Studio album by Pantera
- Released: March 21, 2000
- Recorded: 1999–2000
- Studios: Chasin Jason Studios, Arlington, Texas
- Genre: Groove metal
- Length: 43:53
- Labels: Elektra; East West;
- Producers: Dimebag Darrell; Vinnie Paul; Sterling Winfield;

Pantera chronology
| Official Live: 101 Proof (1997) | Reinventing the Steel (2000) | The Best of Pantera: Far Beyond the Great Southern Cowboys' Vulgar Hits! (2003) |

Pantera studio album chronology
| The Great Southern Trendkill (1996) | Reinventing the Steel (2000) |  |

Singles from Reinventing the Steel
- "Revolution Is My Name" Released: January 23, 2000; "Hole in the Sky" Released: November 21, 2000 (Japan);

= Reinventing the Steel =

Reinventing the Steel is the ninth and final studio album by American heavy metal band Pantera, released on March 21, 2000, March 27 in the UK and April 5 in Japan, through Elektra Records and East West Records. This was the last studio album Pantera released before their 19 year breakup from November 2003 to July 2022. Further, it is the band's final album to feature the Abbott brothers Dimebag Darrell and Vinnie Paul before their deaths in 2004 and 2018, respectively.

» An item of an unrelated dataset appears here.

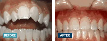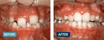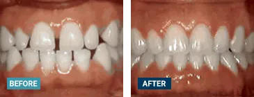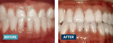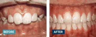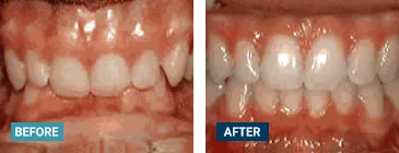 This patient's lateral incisors were congenitally missing. She had braces for 20 months to move the teeth into their correct positions, then the missing teeth were replaced with bonded "Maryland" bridges.

The album was released at a time of intense strife for the band, especially as Phil Anselmo's heroin addiction escalated into a near-fatal overdose in 1996. After the release of this album, the band would fracture and eventually split due to these tensions and Anselmo's pursuance of side projects.

Reinventing the Steel received positive reviews, although critically and commercially, it was not as successful as their previous albums, becoming Pantera's only major label album to not be certified platinum.

==Background==
After the release of The Great Southern Trendkill, Pantera was experiencing an intense period of strife between its members. Singer Phil Anselmo had developed a heroin addiction to cope with back pain, which eventually escalated into an overdose while on tour with Eyehategod and White Zombie, which would leave him legally dead for 5 minutes before being revived. Additionally, by this point he was pursuing more side projects and Pantera became less of a focus for Anselmo.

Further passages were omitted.